Catloverami exactly feels the way I do about this. I recently lost a cat, Sabrina, and I was a mess. For a brief time I said I wasn't going to get anymore cats because their death destroys me. Then I opened my home to Amelia, a sweet and naughty kitten. I decided that the loving bond that they forge during their brief life outweighs the grief upon losing them. Amelia by no means replaces Sabrina, but she gives me a positive focus and she makes me smile once again. I wish I could find a man like you to date! I haven't had luck meeting men who appreciate my bonds with my pets.


----------



## Arianwen (Jun 3, 2012)

Every time one of our animals died my late mother used to say, "We're the wrong people to have animals!" 

This was truly down to our grief - BUT we always adopted others. My sister and I always said in response - "For us it is wrong because we hurt so much but for them we are the right people because we have given them so much."

She never stopped loving the old ones but never failed to love the new ones. Some of her "babies" outlived her but when it was time for them to reach the Rainbow Bridge I'm sure sure she would have been there for all of them - except Trixie (cat) and Honey (horse) when my father would have pushed her out of the way! 

PLEASE, PLEASE don't stop taking darlings into your life!

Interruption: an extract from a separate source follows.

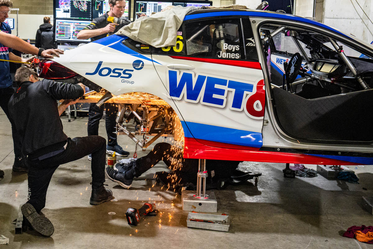 Both chassis rails on Car #96 were bent, with the team completing the repair from the firewall back at 01:30 on Saturday morning.

they are quirky individuals and must be loved as such. Never try to get a replacement but always get a new darling.


----------



## Straysmommy (Dec 23, 2010)

Adopt a cat in need now. What saved me was that I adopted another 3 after I got Prince, just because these 3 were in need, so when my Prince died I was forced to function for the others. It's now been 2 years since Prince left for the Bridge, and I still have hard moments. But most of the time I'm too busy.


----------



## maggie23 (Mar 10, 2012)

i never used to believe in the saying, _*"It is better to have loved then lost, then never to have loved at all." *_ But that was before i fell in love with a cat!!! Never had a dog or cat for the first 43 years of my life and had NO idea what i was missing. Thought it was good not to be "tied down" to an animal at home. figured i was free. i could travel, go out at night, not worry about vet vists, etc... All of that and more is part of my life now and i wouldn't have it any other way.  No travel or night out could even come close to the love i feel for my cat now. yeah, OK, i get sudden urges to run off to Hawaii or Vegas or Disney World while I'm doing the dishes or brushing my Angel at least once a month, but STILL! ha ha! nah, travel can wait. Angel can't.

enjoy every second you have with Izzy while you can. don't let the fear of losing her stop you from having that special bond. you want to live life without regrets, so milk it for all it's worth! hugs and kisses to you and Izzy!


----------